For the full year ended Dec 31, 2014 (FY14), MFM reported a 1.19% increase in net profit to RM67.78 million, from RM66.98 million in FY13. However, revenue fell by a marginal 0.84% to RM2.29 billion, from RM2.31 billion in FY13, due to lower sales for the poultry integration segment.

MFM also declared a second interim dividend of 3.5 sen per share for FY14, payable on March 25. This brings its total dividend for the year to 6.5 sen per share.

Sime Darby Bhd’s offer to take over New Britain Palm Oil Ltd (NBPOL) at £7.15 (RM39.25) cash per share, has turned unconditional and is due to be completed by the first half of 2015.

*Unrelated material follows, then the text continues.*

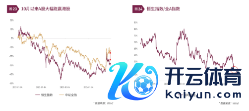 2)港股性价比更高。港股现在的订价明显过时于A股。一是10月份以来,港股大幅跑输A股约15个百分点。二是恒生指数刻下估值依然偏低,PE分位数仅为20%,股息率接近4.0%。三是恒生指数/中证全A的估值折价创出历史新低,不到全A的50%。
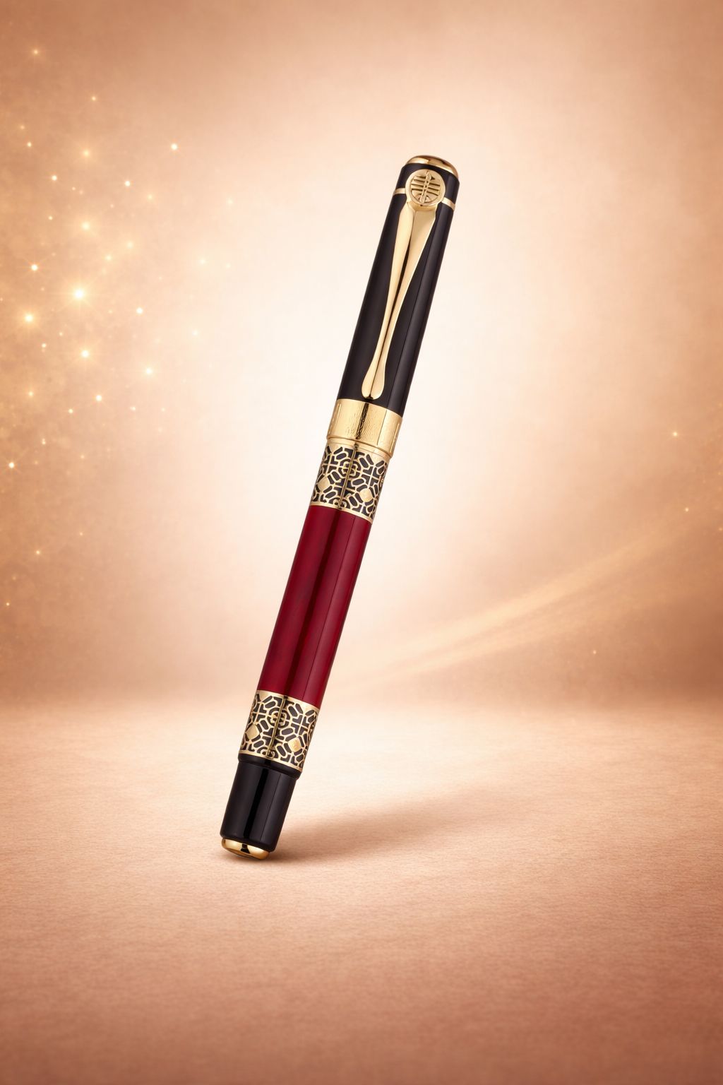 Add a touch of royalty to your writing with the Royal Crimson Signature Pen. Its rich red body, elegant golden detailing, and sleek black accents create a truly luxurious look that instantly captures attention.

In a filing with Bursa Malaysia today, Kulim (Malaysia) Bhd (fundamental: 0.65; valuation: 1.2) said Sime Darby (fundamental: 1.3; valuation: 1.3) had on Feb 18, 2015 (last Wednesday), announced the offer was free of all conditions specified in Section 12.1 of the offer document, and is now unconditional.

The privatisation of UK and Papua New Guinea-listed NBPOL will see Sime Darby delisting NBPOL from the UK bourse.

The acquisition of NBPOL includes Kulim's 48.97% stake in NBPOL.

(Note: The Edge Research's fundamental score reflects a company’s profitability and balance sheet strength, calculated based on historical numbers. The valuation score determines if a stock is attractively valued or not, also based on historical numbers. A score of 3 suggests strong fundamentals and attractive valuations.)